◆ Exercise details ◆
Starting at the line with "ご飯が炊きあがれば昆布を取り出し、そのまま10~15分蒸らす。" and ending at the line with "a supplies list", print exactly the lines of the entries below. Pictures do not belong in the copy.

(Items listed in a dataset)
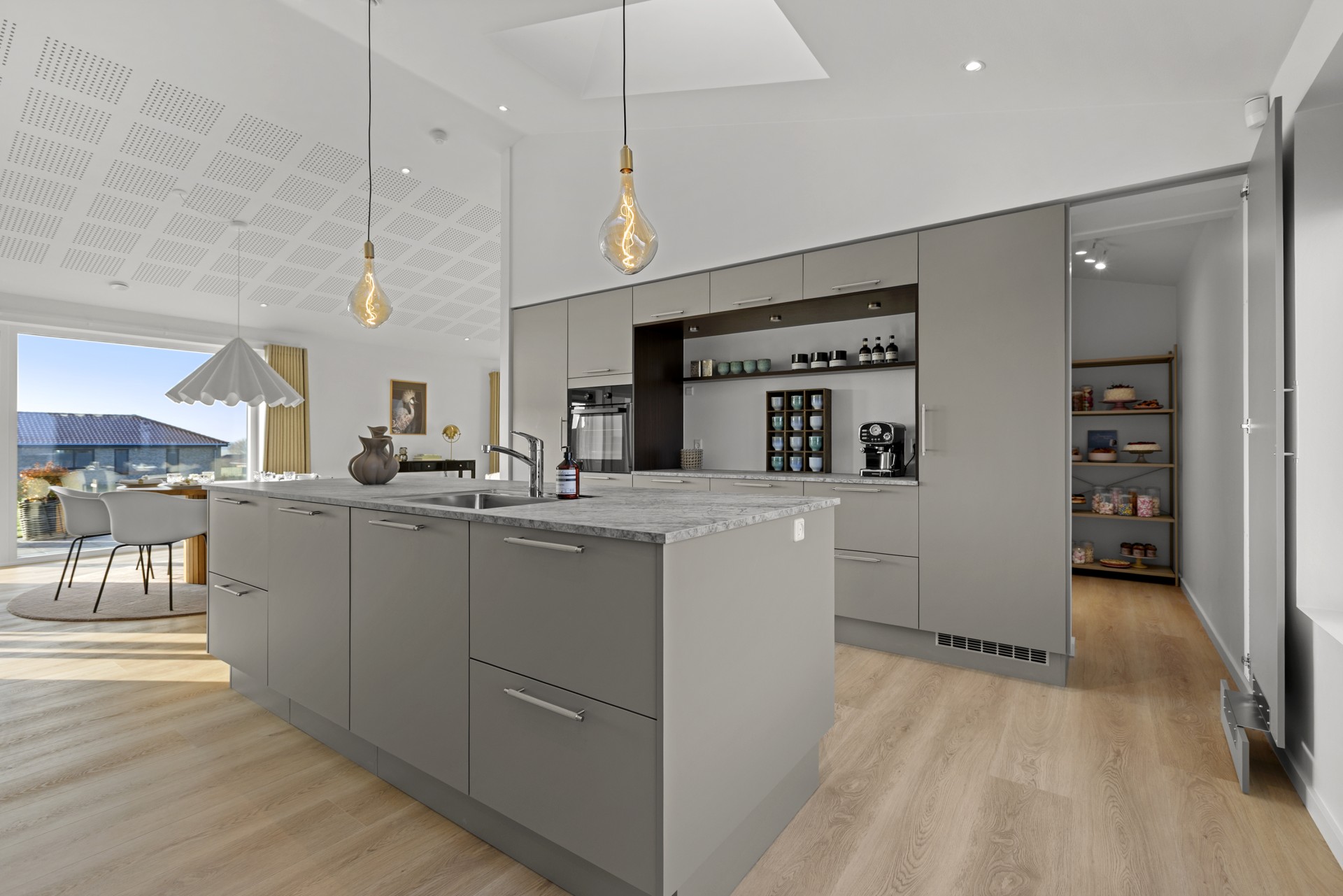 Oplev en bolig, hvor store selskaber og hverdagens funktionalitet er tænkt ind i planløsningen.
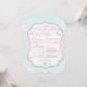 Fundo impressão azul de floco de neve gelado com trim brilhante prateado e banda poka-dot rosa e branca com revestimento de aparas de rendas. Bandeja de bundas de patchwork e flocos de neve prateados Flocos de inverno chá de fraldas de convite para design.
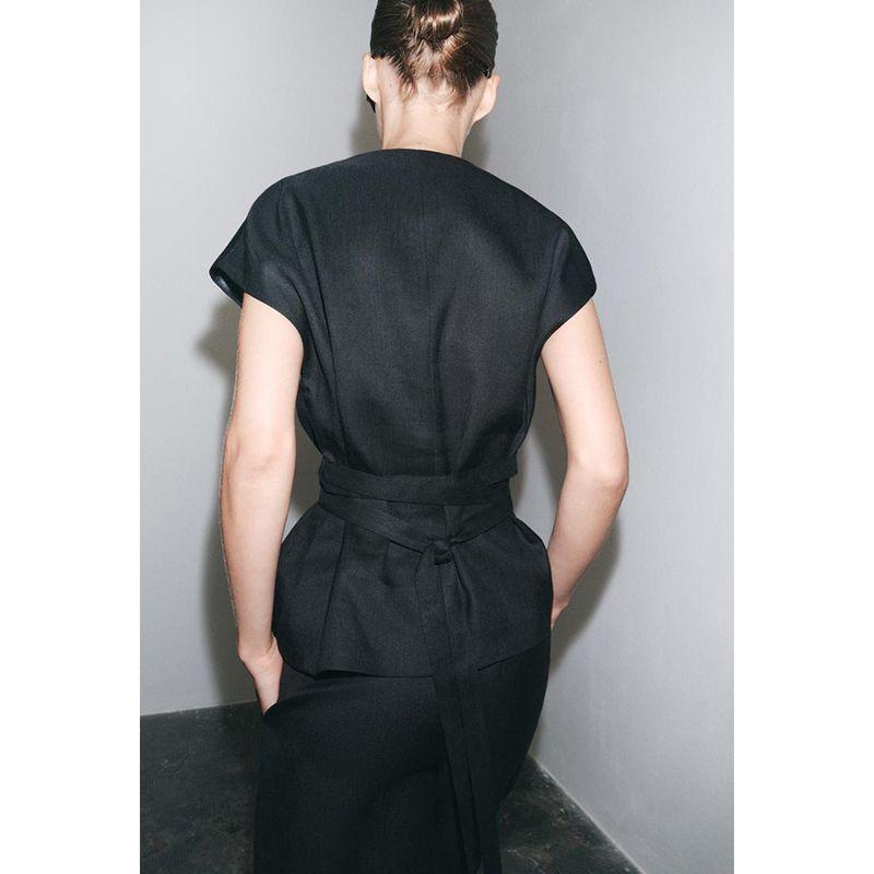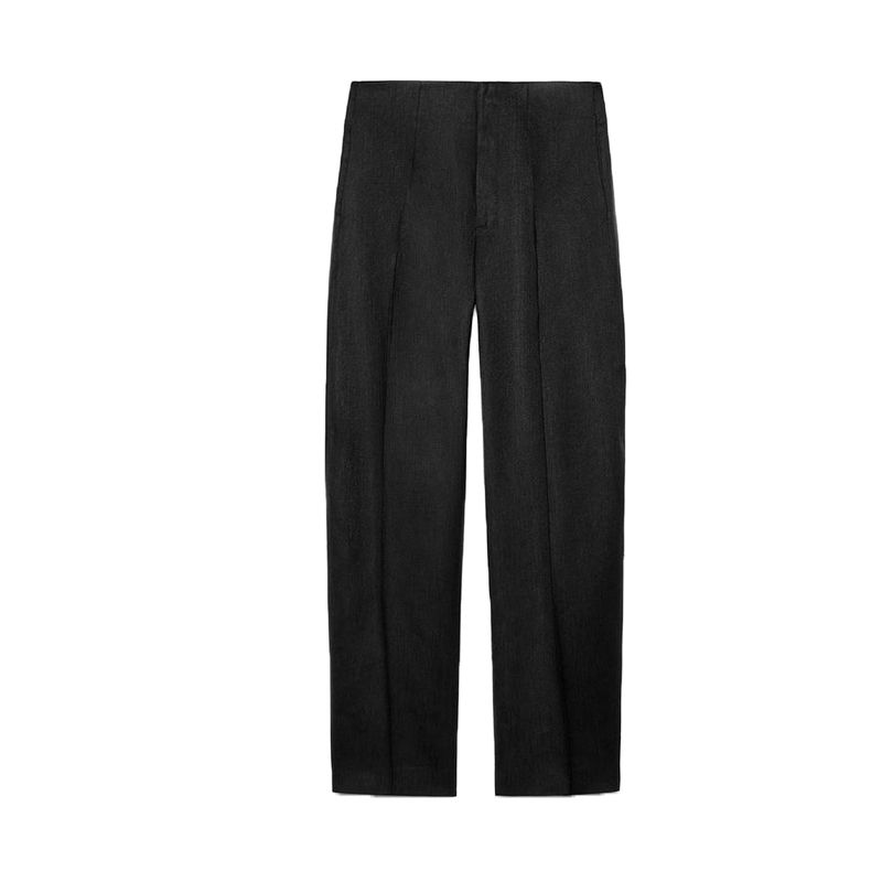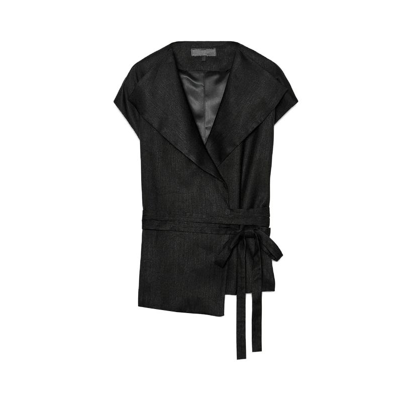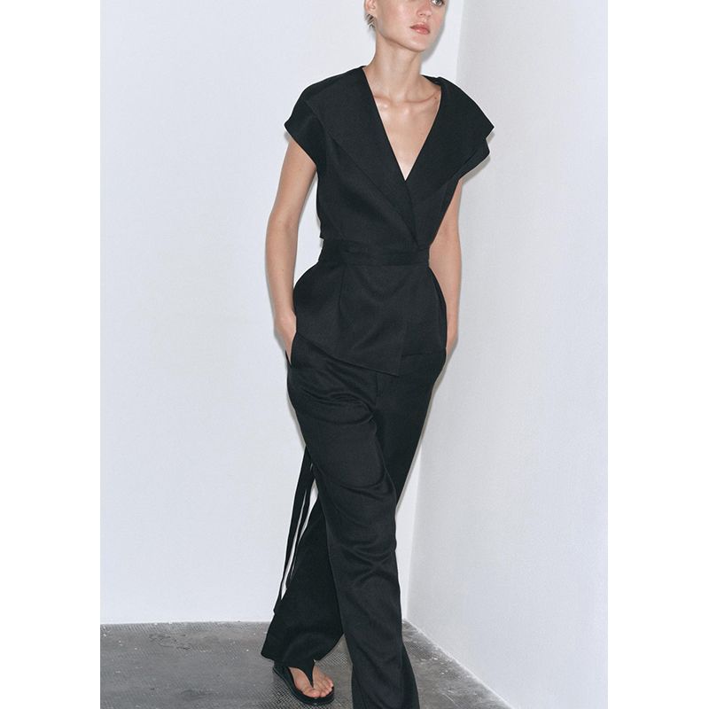 Жилет без рукавов с лацканами из смесового льна 3132168 Прямые брюки средней посадки из смесового льна 3136168
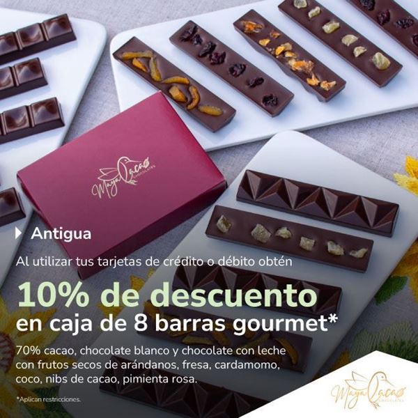 10% de descuento en caja de 8 barras gourmet. 70% cacao, chocolate blanco y chocolate con leche con frutos secos de arándanos, fresa, cardamomo, coco, nibs de cacao, pimienta rosa. Válido al 30 de marzo 2026.
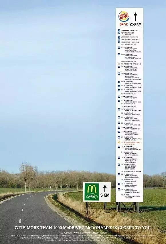 而在这个广告牌的旁边,麦当劳还特地为汉堡王立起了一块要高出好几倍的广告牌,上面密密麻麻地写着如何到达258公里之外的汉堡王门店。言下之意是说汉堡王的门店太少了,在高速公路上开车如果想找一家汉堡王填肚子的话,估计要饿死。
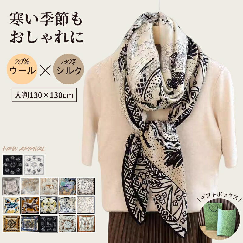 【商品情報】 サイズ:130cm×130cm 素材:ウール70% + シルク30% タイプ:ギフトボックス付き/ギフトボックスなし 【春夏秋冬オールシーズン使える!万能ビッグサイズ大判ストール】 おしゃれなペイズリー柄バンダナ風デザイン。130cm×130cmの超大判サイズで、身体をしっかり包み込みます。 高級素材ウール×シルク混紡生地を使用し、薄手なのに暖かく、肌触りはふんわり滑らか。 首元に巻いてスカーフやマフラーとして、また肩にかけてショールや羽織りとしても活躍。 コンパクトに折りたためるので、バッグに入れて持ち歩きにも便利です。旅行や外出、冷房対策にもおすすめ。 秋冬のダークトーンコーデの差し色や、春夏の冷房対策にもぴったりな上品アイテムです。 【おすすめポイント】 ・シーズンレスで使える大判ストール ・軽量&持ち運び便利、旅行や通勤に◎ ・カシミヤ70%+シルク30%、高級感ある薄手素材 ・冷房対策・日よけ対策・防寒対策すべてに対応 ・ギフトにも最適!母の日・誕生日・記念日のプレゼントに ・ユニセックスデザインでメンズにもレディースにもおすすめ 【ご注意ください】 ●実寸はメジャー採寸の為、若干の誤差が生じる場合があります。 ●色合いはモニター環境により若干の誤差が出ます。 ●品質上は問題ありません。返品交換の対象外とさせていただいております。ご理解いただいた上で、ご購入下さい。 ●お急ぎの方は、期間に余裕をもってのご注文をお願い致します。 ●検索キーワードは商品の説明ではございません。 【送料について】 本土地域は送料無料です。 沖縄・離島への追加送料:2,000円 関連検索キーワード:母の日 ギフト/母の日 プレゼント/感謝の気持ちを込めて/実用的ギフト/お母さんが喜ぶ贈り物/誕生日 プレゼント/記念日 ギフト/プレゼントにおすすめ/母の日 ファッション小物/大判スカーフ/正方形スカーフ/大判ストール/エレガントスカーフ/上品スカーフ/フォーマルスカーフ/春夏スカーフ/秋冬兼用スカーフ/ふんわりストール/大人可愛いスカーフ/シルクスカーフ/カシミヤシルク/高級スカーフ/上質スカーフ/上品ストール/高級ストール/ナチュラルカラー スカーフ/バイカラー スカーフ/モノトーン スカーフ/花柄スカーフ/ペイズリー柄 スカーフ/フラワー柄 スカーフ/シンプルエレガント スカーフ/落ち着いたデザイン スカーフ/大人 スカーフ/レディース スカーフ/メンズにもおすすめ/おしゃれスカーフ/旅行 スカーフ/冷房対策 ストール/日よけ ストール/通勤 通学 スカーフ/万能スカーフ/シーズンレス ストール/スカーフ /お買い物マラソン/5と0の日/ワンダフルデー/楽天スーパーセール/スーパーSALE 対象/タイムセールおすすめ商品
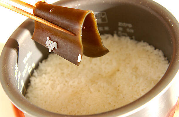 ご飯が炊きあがれば昆布を取り出し、そのまま10~15分蒸らす。
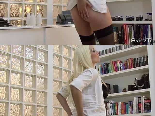 Sexy brunette hair hottie singing and dancing with stripped butt at work
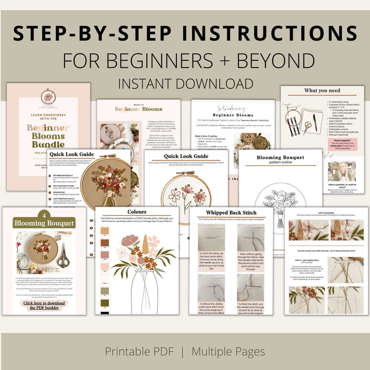 • Instant PDF download with a beginner’s guide, stitch instructions, and a supplies list
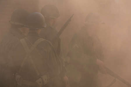 War Concept. Military silhouettes fighting scene on war fog sky background, World War Soldiers Silhouettes Below Cloudy Skyline At night. Attack scene. Armored vehicles. Selective focus. Decoration
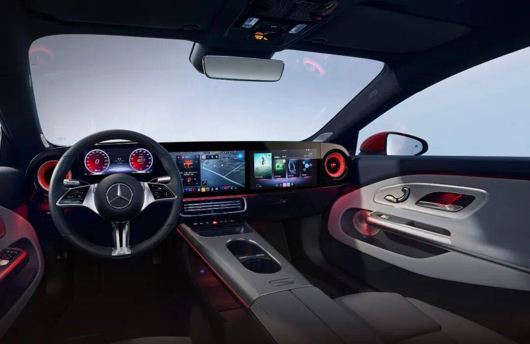 全新纯电CLA的内饰带来了焕然一新的豪华体验,其内饰遵循化繁为简、回归本质的原则,弱化了基本结构,更加聚焦标志性的高科技元素。这种极致的简化体现了内饰的前卫风格。控制元素的设计灵感来源于消费电子领域的现代产品设计。悬浮式设计的MBUX超级屏是内饰的绝对焦点。3块屏幕由一整块封闭的玻璃覆盖,横跨整个仪表台,将美学、科技和舒适提升到全新高度。
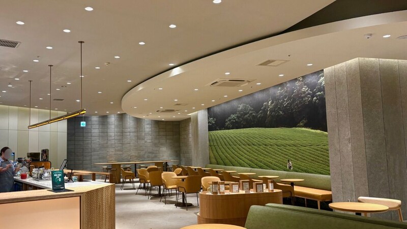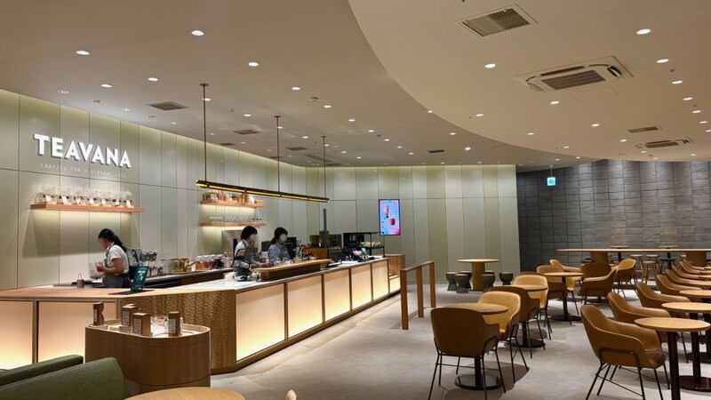 今回オープンした店舗は、約100坪・全96席という広々とした空間で、全国の「スターバックス ティー&カフェ」の中でも最大級の広さを誇ります。ティーの華やかな味わいに合わせ、店内インテリアからスタッフのコスチュームにいたるまで“黒”を使用せず、明るく開放感のある雰囲気に仕上げられています。
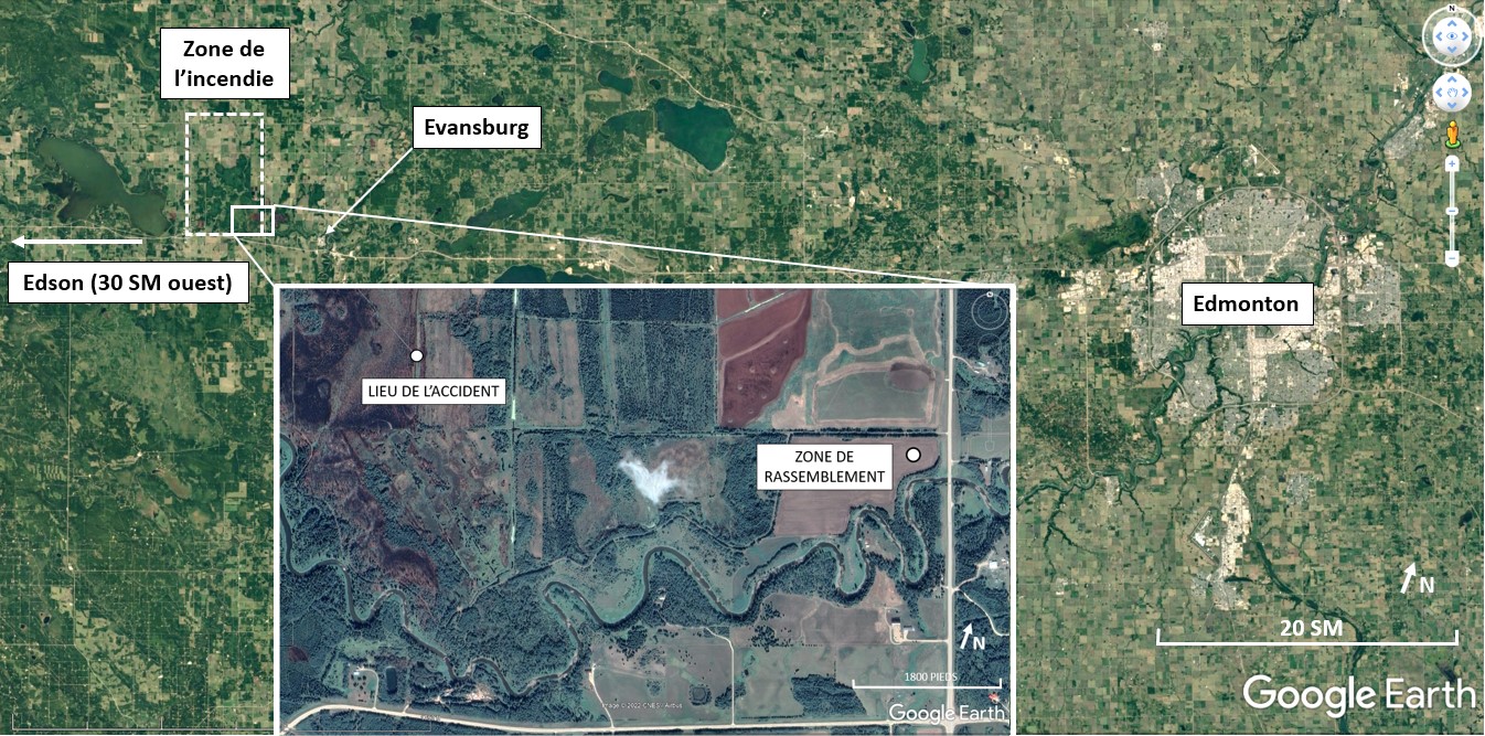Vers 10 hNote de bas de page 1 le 28 juin 2021, l’hélicoptère Bell Textron Inc. (Bell) exploité par Yellowhead Helicopters Ltd. (Yellowhead Helicopters), de modèle 212 (immatriculation C‑GYHQ, numéro de série 30933), a décollé de l’aéroport d’Edson (CYET) (Alberta) pour appuyer les activités de lutte contre l’incendie de forêt EWF-075, situé à 4 milles marins (NM) à l’ouest-nord-ouest d’Evansburg (Alberta). L’hélicoptère est arrivé sur les lieux vers 10 h 25 pour commencer les opérations de soutien par réservoir héliporté. Ces opérations ont pris fin vers 12 h 46, et le pilote est retourné à la zone de rassemblement pour attendre qu’on lui attribue sa prochaine tâche (figure 1).
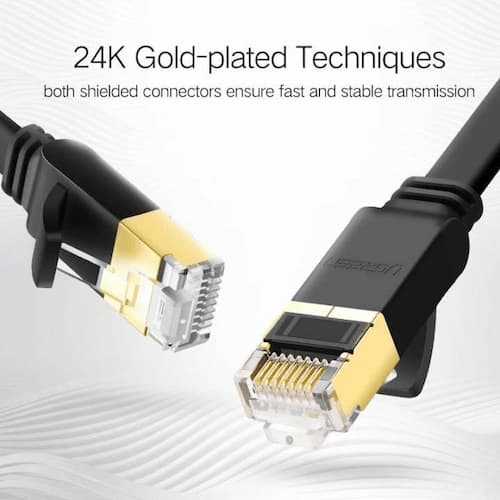 Home Fiber Optic Cables Fiber Patch Cables UGREEN 11276 Cat7 1M Flat Ethernet Cable | 10Gbps High-Speed LAN RJ45 Network Cable SSTP Shielded Patch Cord For PC

◆ Written response ◆
 ご飯が炊きあがれば昆布を取り出し、そのまま10~15分蒸らす。
 Sexy brunette hair hottie singing and dancing with stripped butt at work
 • Instant PDF download with a beginner’s guide, stitch instructions, and a supplies list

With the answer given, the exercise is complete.